Details der Publikation - Characterisation of airway disease associated with Sjögren disease

Characterisation of airway disease associated with Sjögren disease

© Author(s) (or their employer(s)) 2024. Re-use permitted under CC BY-NC. No commercial re-use. See rights and permissions. Published by BMJ..

OBJECTIVE: Although airway disease associated with Sjögren's disease (Sjo-AD) is common, it is poorly studied compared with interstitial lung disease (ILD). In this study, we aimed to assess factors associated with Sjo-AD, the characteristics and prognosis of this manifestation.

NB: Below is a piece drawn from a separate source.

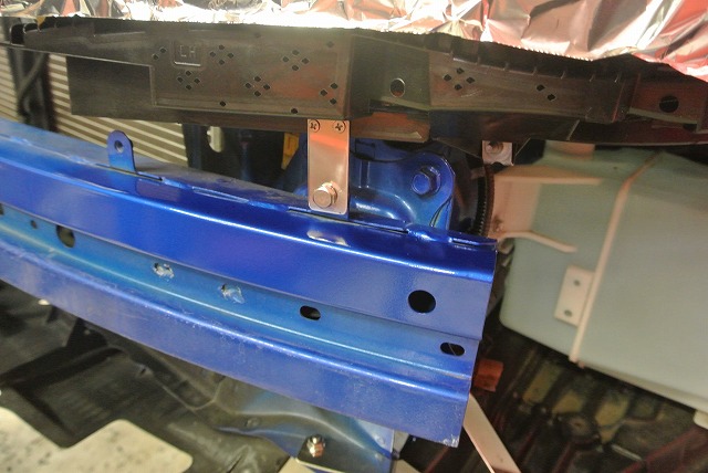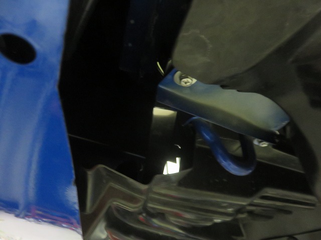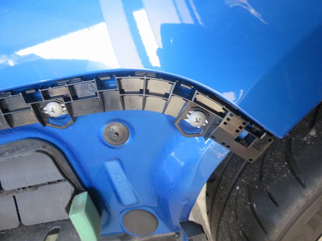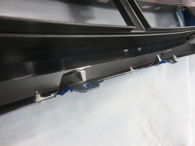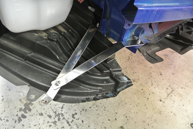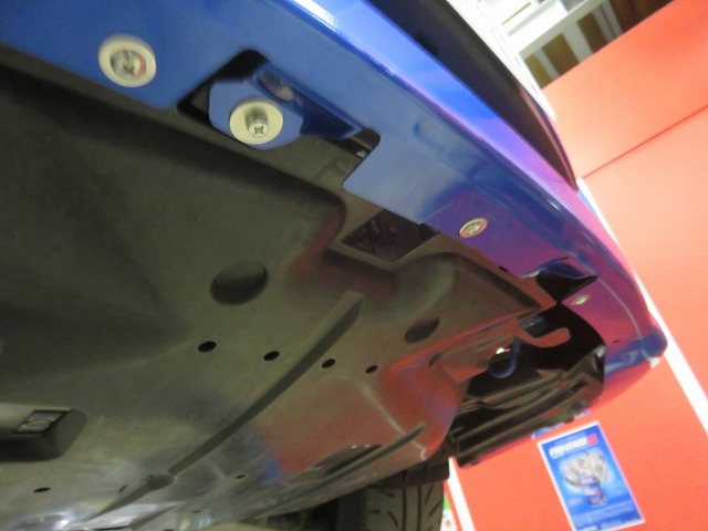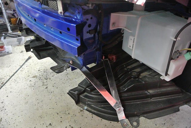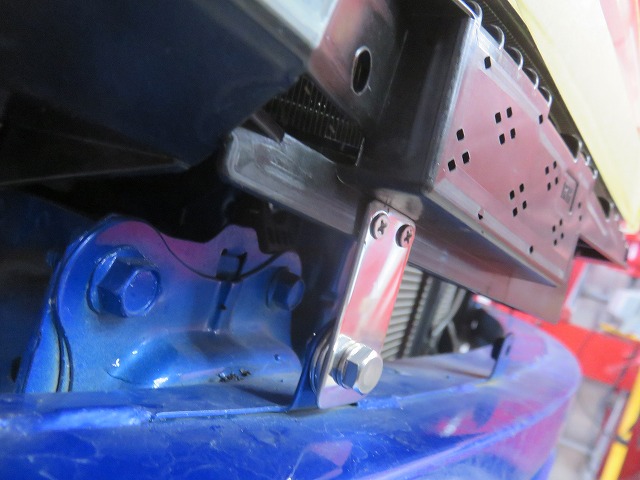 補強ブラケット。 純正の取り付けでは、フロントバンパー下部の取り付けはクリップ止め。左右下部はライナーで共締め。揺するとグラグラです。

METHODS: We performed a retrospective multicentric study involving nine centres. We included Sjo-AD patients confirmed by at least one clinician and one CT scan report. Clinical and biological data, pulmonary function test (PFT), and CT scans were collected. A single radiologist specialist in thoracic diseases reviewed CT scans. Sjo-AD patients were compared with Sjo controls without pulmonary involvement, randomly selected after matching for age and disease duration.

RESULTS: We included 31 Sjo-AD and 62 Sjo controls without pulmonary history. Sjo-AD had a higher disease activity (ESSDAI) compared with controls, even when excluding the pulmonary domain of the score (7 vs 3.8, p<0.05), mainly due to the biological activity. Sjo-AD was multilobar (72%) and associated with signs of both bronchiectasis and bronchiolitis (60%). Obstructive lung disease occurred in 32% at the time of Sjo-AD diagnosis. Overall, PFT was stable after 8.7±7 years follow-up but repeated CT scans showed extended lesions in 41% of cases within 6±3.2 years. No patient developed Sjo-ILD. Sjo-AD progression was independent of the global disease activity.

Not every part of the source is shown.